EVIDENCE OF ROESLER’S MENTAL IMPAIRMENTS
Roesler’s objection regarding her mental impairments relates primarily to the
ALJ’s analysis of two psychologists’ opinions: Dr. Bonnie J. Betts and Dr. Barbara
Lowe-Fierke. Dr. Betts treated Roesler both before and after Roesler’s alleged disability
onset date and Dr. Betts is the only treating physician to offer an RFC opinion. (See AR
at 551-58.) In a questionnaire she completed in connection with Roesler’s application,
Dr. Betts indicated that she first treated Roesler on January 1, 2008 and treated her
sporadically after the first three appointments. (Id. at 551.) Dr.

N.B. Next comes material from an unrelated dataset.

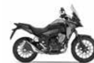
Mat Gunpowder Black Metallic
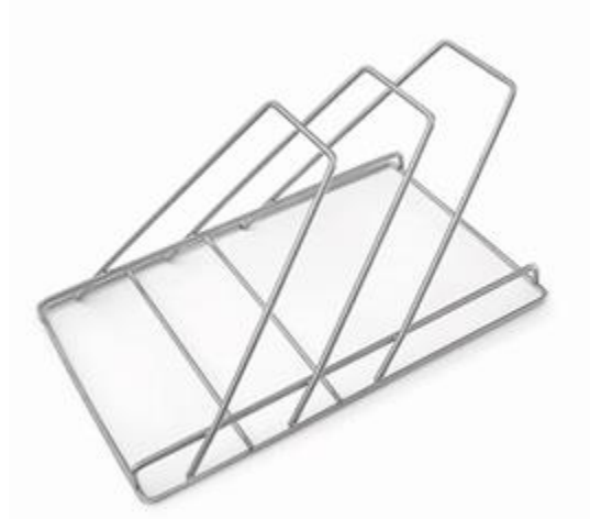
2-position insert for trays, instrument cassettes (5 cm slots)

Betts opined that Roesler
was markedly limited in the “ability to complete a normal workweek without
interruptions from psychologically based symptoms and to perform at a consistent pace
without an unreasonable number and length of rest periods.” (Id. at 555.) Dr. Betts
further opined that Roesler is capable of only low stress work in a sheltered position with
positive coaching. (Id. at 557.)
Notes from a May 1, 2009 session with Dr. Betts are the only treatment records
from after Roesler’s alleged disability onset date that appear in the record. (Id. at 323-
2
The Court will provide only those facts necessary to understand and address Roesler’s
objections to the R&R. For more extensive background, see the R&R at 2-21.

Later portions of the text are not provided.